Ini Daftar Kekayaan Auditor BPK yang Ditangkap KPK

Kompas.com - 29/05/2017, 13:03 WIB
Kompas.com/Robertus Belarminus Pejabat Eselon I BPK Rochmadi Saptogiri (RS) keluar dari gedung KPK. Sabtu (27/5/2017).

JAKARTA, KOMPAS.com - Pejabat eselon I Badan Pemeriksa Keuangan (BPK) RI Rochmadi Saptogiri yang ditangkap Komisi Pemberantasan Korupsi (KPK) belum memperbaharui laporan harta kekayaannya kepada KPK.

Ia terakhir melaporkan harta kekayaan pada 2014.

Berdasarkan Laporan Harta Kekayaan Penyelenggara Negara (LHKPN) Rochmadi di situs acch.kpk.go.id, total harta kekayaan yang dilaporkan tahun 2014 adalah Rp 2.463.036.234 dan 4.610 dollar AS.

Saat itu, Rochmadi menjabat sebagai Kepala Biro Teknologi Informasi BPK RI.

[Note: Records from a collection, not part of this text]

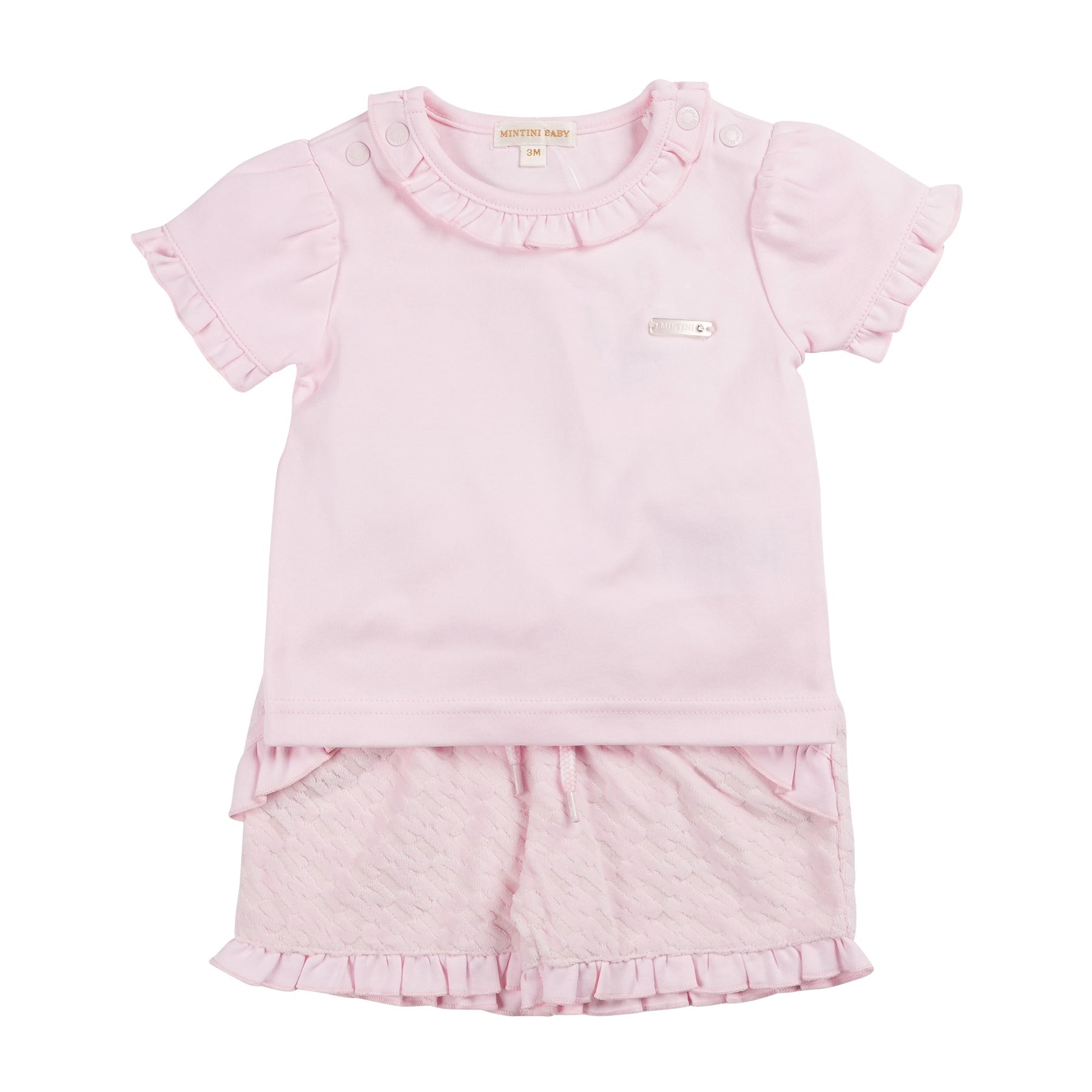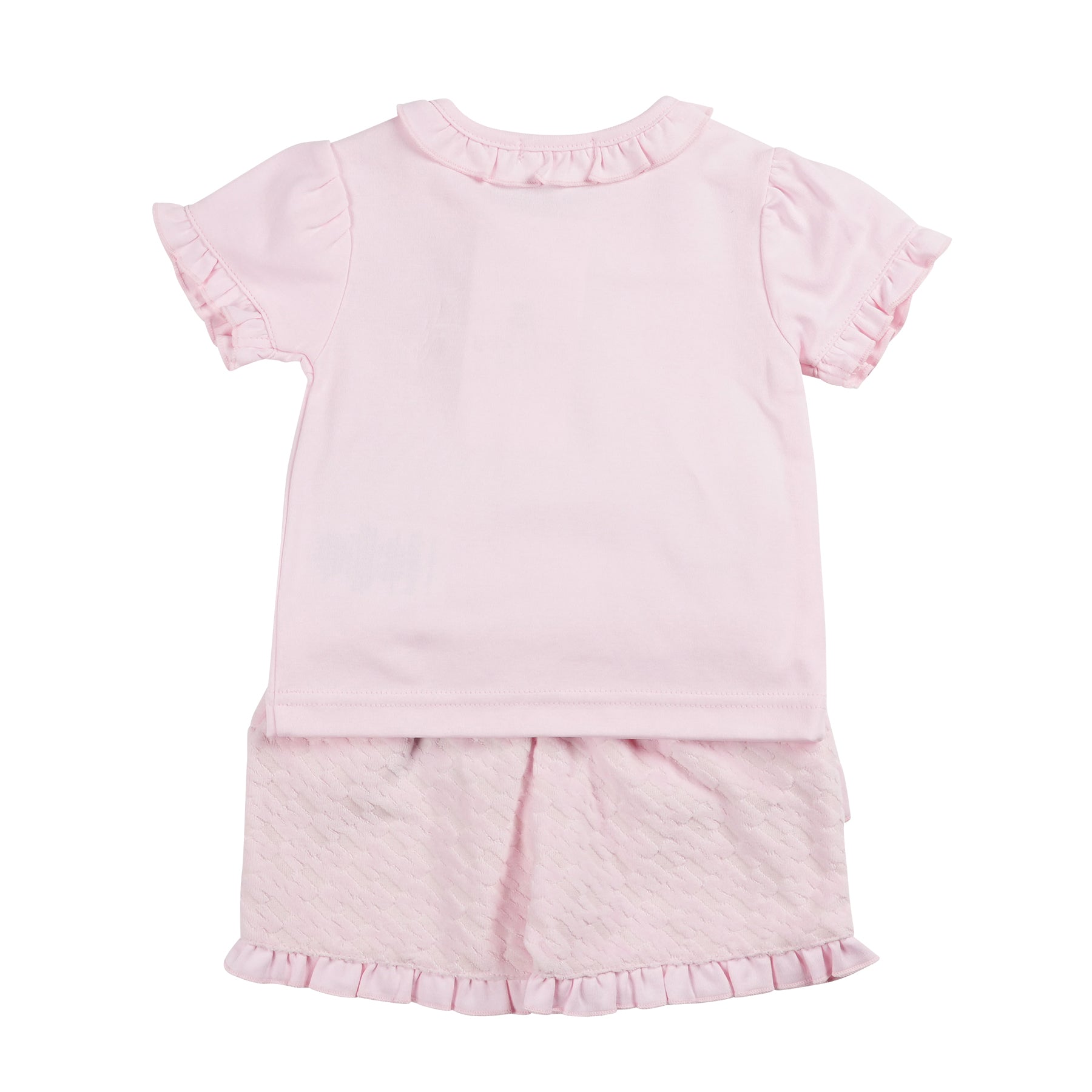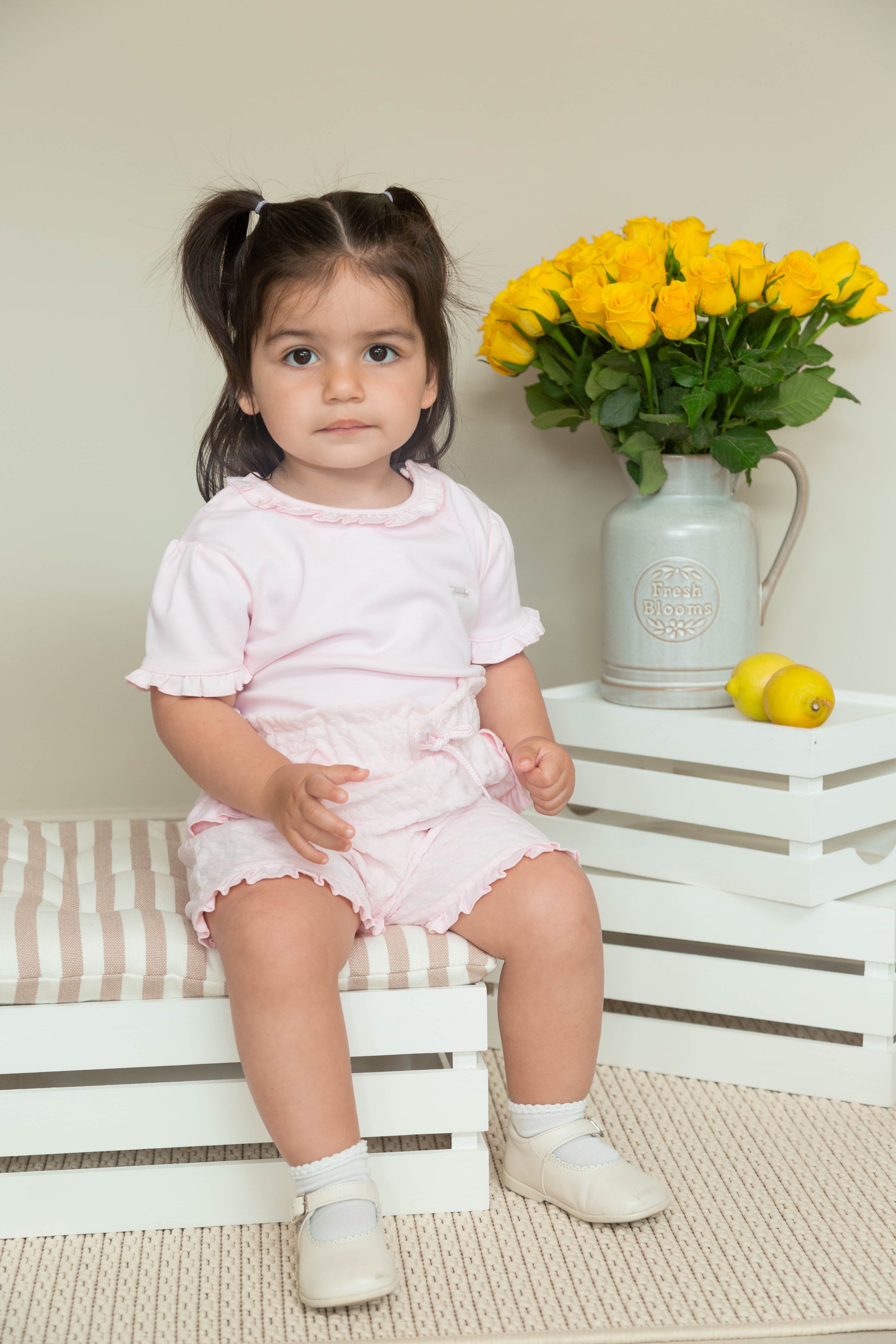 The Pink Velour Top and Short Set is a sweet and practical outfit for warm-weather days. The plain pink t-shirt features delicate frills around the collar and sleeves, adding a touch of charm. It’s paired with soft velour monogram shorts, designed with a comfortable drawstring waist for the perfect fit. Frill detailing around the bottom edge and pockets adds a playful finish to the design, making this set ideal for little ones to enjoy in style and comfort.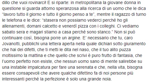 “E’ necessario che tu, caro Jovanotti, pubblichi una lettera aperta nella quale dichiari sotto giuramento che hai dei difetti, che ti metti le dita nel naso, che il tuo alito puzza moltissimo la mattina e che quello che scrivi è puro frutto di fantasia, che l’uomo perfetto non esiste, che nessun uomo sano di mente salirebbe su una instabile impalcatura per fare una serenata e che, nella vita, bisogna essere consapevoli che avere qualche difettino fa di noi persone più interessanti perché la perfezione è solo una grande noia”.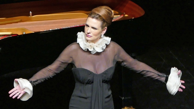 Era su primera vez en Ávila, y apostó porque no fuera la última cuando, como último bis, regaló un tema de la ópera 'Diálogo de carmelitas' para mostrar su deseo de cantarla aquí. Fue el final y resultó aclamada. Había cantado dos horas y cuarto.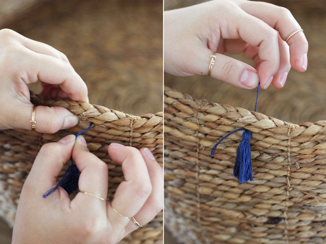 Decorar con borlas definitivamente se ha puesto de moda. Esta vez os contaré cómo se hace en el caso de cestos de mimbre o cestas de todo tipo, pero también circulan por ahí muchas ideas para hacerlo con zapatos, mantas, cubrecamas, cazadoras, bolsos... En fin, ¡Borlas y pompones por doquier!

Kekayaan Rochmadi untuk harta tidak bergerak meliputi tanah dan bangunan total senilai Rp 809.900.000, antara lain tanah dan bangunan seluas 3.000 meter per segi dan 100 meter per segi di Kabupatem Karanganyar.

(baca: Jadi Tersangka OTT KPK, Pejabat dan Auditor BPK Dibebastugaskan)

Aset itu disebut berasal dari hasil sendiri dan warisan perolehan tahun 1998 sampai dengan 2010.

Untuk harta tidak bergerak berupa alat transportasi dan mesin lainnya, nilai total harta yang dilaporkan Rp 309.000.000.

Untuk harta bergerak, Rochmadi punya total kekayaan Rp 128.875.000, di antaranya logam mulia yang disebut berasal dari hasil sendiri perolehan tahun 2008 sampai dengan 2013.

Sedangkan kekayaan dalam bentuk giro dan kas, total yang dia miliki Rp 1.260.223.317 dan 4.610 dollar AS.

(baca: Pemerintah Dukung KPK Ungkap Kongkalikong BPK dengan Kemendes PDTT)

Sehingga total harta kekayaan yang ia miliki adalah Rp 2.507.998.317 dan 4.610 US dollar.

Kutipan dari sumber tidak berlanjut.